Format
The data format that has been chosen for this application is XML, which is essentially a structured format of text. This is important, since computers can store data either as ‘binary’ or as ‘text’.
The binary format, also called ‘machine readable’, is not directly accessible, but always relies on a process that decodes the binary data into something humans can understand and displays this derived version to a user. Any changes made to this version will then have to be translated back into the binary representation for storage and internal use by the application. Many computer programs are written in a human readable form, but are stored for execution in a binary format that is more efficient to use.
Text format on the other hand is directly readable, without any intervention, at least in principle. In practice, a format like XML is highly structured and contains several layers of information in a formalized way, thus is not easily understood or modified by non-experts.

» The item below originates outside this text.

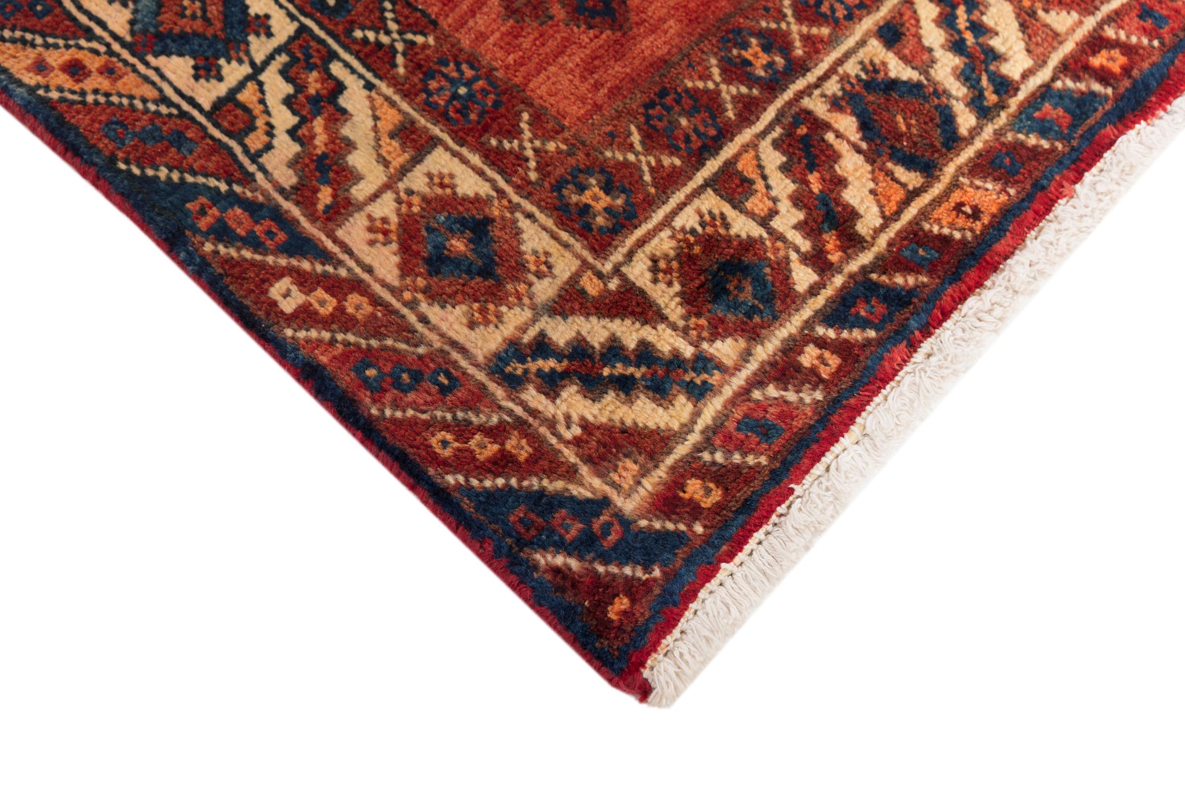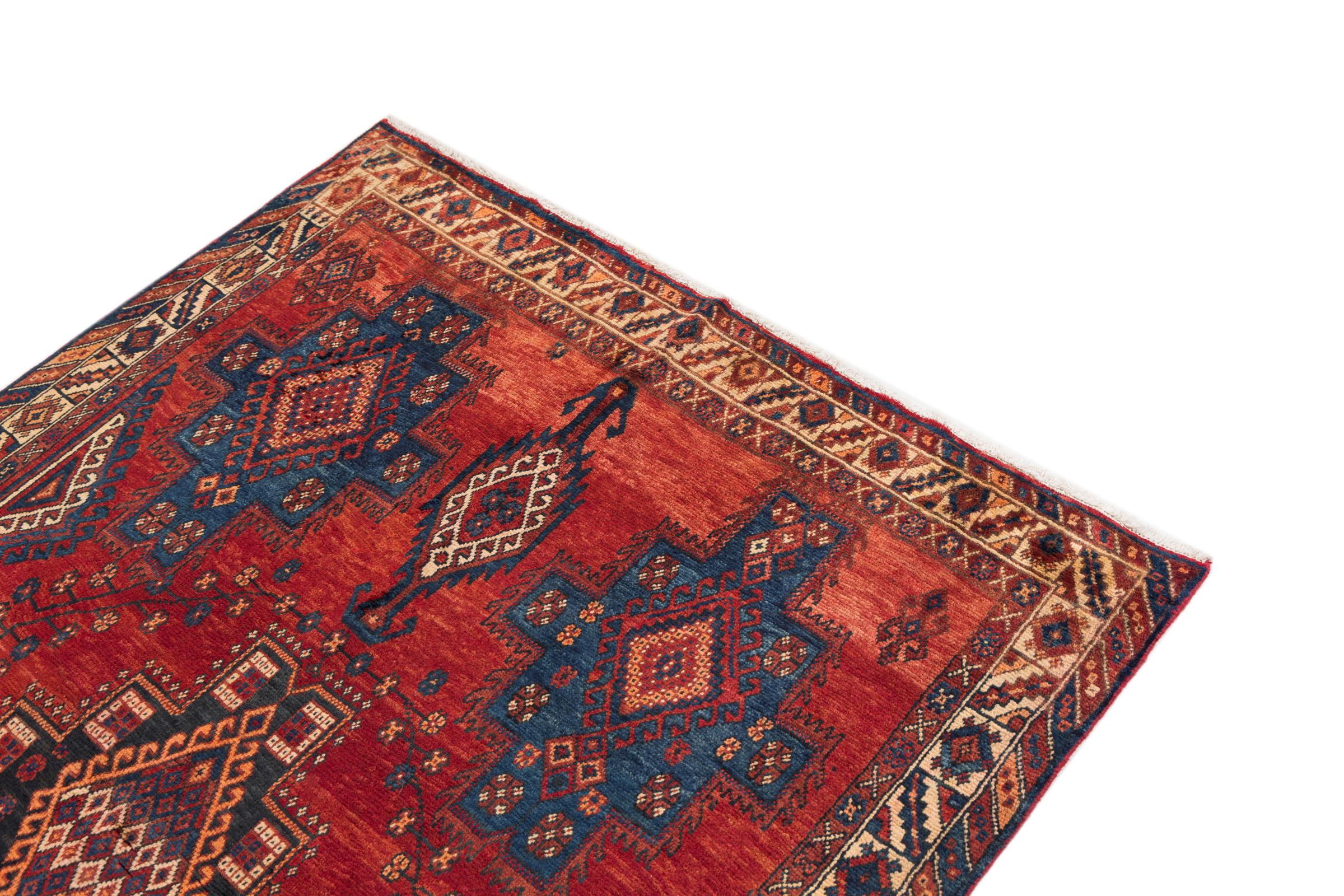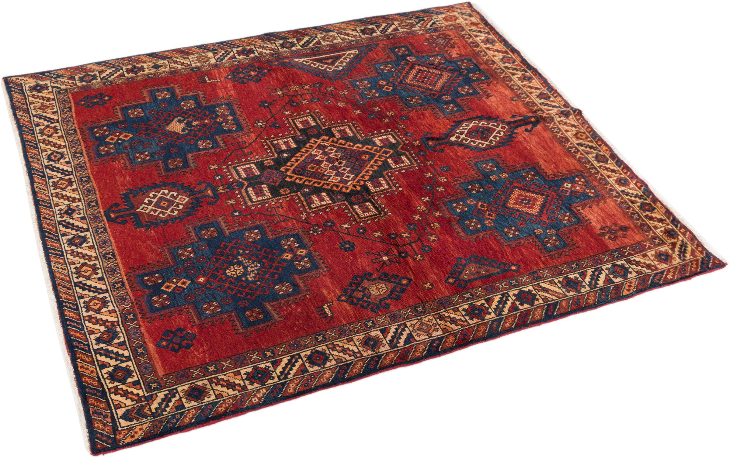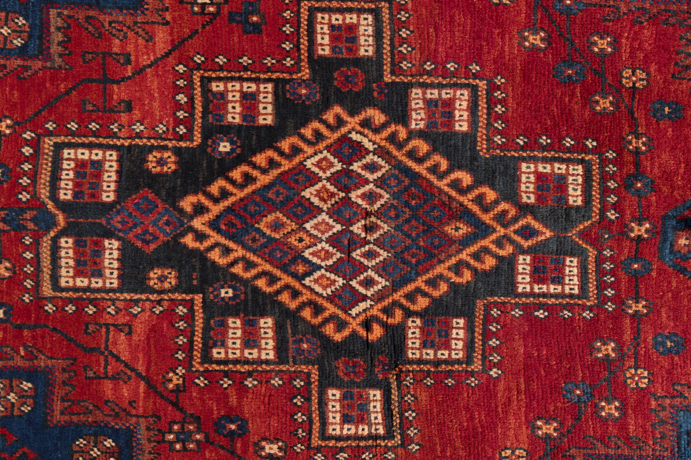 This rug belongs to village and nomadic rugs from Iran, formerly Persia. This type of rug is knotted by hand in smaller towns and villages in old tradition. Even nomads still knot Persian rugs in the open air. The rugs are knotted without a draft and completely from the mind. They are characterized by classical ornaments, which are arranged in straight and geometrical patterns. Thanks to their cultural-traditional origin, these rugs have a unique character that embodies ancient Persia.

The TLS tries to combine the flexibility of the XML format with an interface that hides most of the complexity for the user. This makes it possible to work in the system without knowing about the underlying data structures. This is similar to a railway car that can only travel on the pre-laid rails, which makes it easy to connect big cities, but leaves many places without access. Working directly with the underlying source data, on the other hand, will allow the user to travel to even the most distant and remote places, but requires more effort. It is for these users, that the description of the data format will provide a map, whereas XQuery will provide the means of transportation.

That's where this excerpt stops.